With little warning, Jack took one fumbling step towards Davey, and wrapped his arms around him. Davey responded without a second thought, holding Jack close to him. Jack’s head fit just beneath his chin. He felt soft and sturdy to Davey, warm and solid and permanent, and yet he shook, just a little, as he cried into Davey’s shoulder. 

Davey was unsure how long they stood there, wrapped around each other in the heavy silence of the sitting room, but he was certain that he had no intention nor wanting to move. It was Jack who made the motion to think about breaking apart, his body ceasing to shake, shifting a little where he stood. 

Very gently - so much so that Davey could easily have imagined it - Jack pressed his mouth to the space where Davey’s neck met his shoulder in a shy sort of kiss, against the soft skin revealed by the neckline of his shirt. Davey felt himself exhale softly, almost betraying his surprise and deep, aching longing. 

Jack went suddenly quite tense, as if he had landed back within himself. He lifted his head, turning it away from Davey, and used the sleeve of his shirt to wipe at his eyes quickly and carelessly, and then stepped back, and out of Davey’s space. 

‘’M sorry about that,’ he mumbled. ‘Just scared. Upset. Panicking.’ 

‘Nothing to apologise for,’ Davey said, and his voice came out a little quieter, a little less clear than he had intended. 

‘I’ll, uh - I’ll do this,’ Jack said, and gestured at the mess still taking up the sitting room. ‘Thanks for my bagel.’ 

‘Go on. Sit down and eat your bagel,’ Davey said, with a dismissive wave of his hand. ‘I’ll clear the rest of this up.’

*

It had become a sort of tradition, before big events - such as Jack’s exhibition opening - for Davey to sit in Jack’s room, cross-legged on the bed, already dressed, while Jack chose whatever it was he was going to wear. 

Davey had his phone in his hands, picking out songs to add to the quiet soundtrack as Jack leafed through his closet for the hundredth time. He had on already his nice pair of trousers - the ones he had worn to a few exhibitions before. 

‘Blue or white?’ Jack asked. Davey looked up at him, where he was stood holding up a shirt in each colour, both still on the hangers, chewing anxiously on his bottom lip. 

‘White, I think,’ Davey replied, nodding. ‘Keep it simple tonight.’ 

Jack smiled, and nodded a little more vigorously than was necessary in his nervousness. 

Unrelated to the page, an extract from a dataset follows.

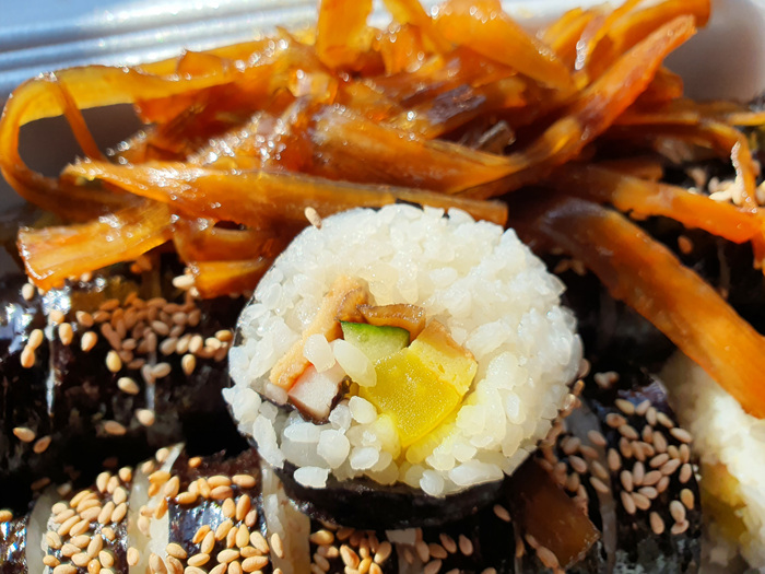 김밥 2줄 위에 넉넉하게 올려진 우엉반찬이다. 김밥 1줄 3,000원

Davey tapped his fingers absently against his knee in rhythm with the music, as Jack drifted in and out of the room to put his shirt on, to brush his teeth, to find a matching pair of socks. Finally, he came to rest in front of his closet once more. His collar was upturned, with no tie around his neck yet. He raised his hands, as if to start looking through it once more, but paused, his hands hovering in mid-air. It would not have surprised Davey if he had begun murmuring an incantation, his hands held out as if filled to the brim with magic. 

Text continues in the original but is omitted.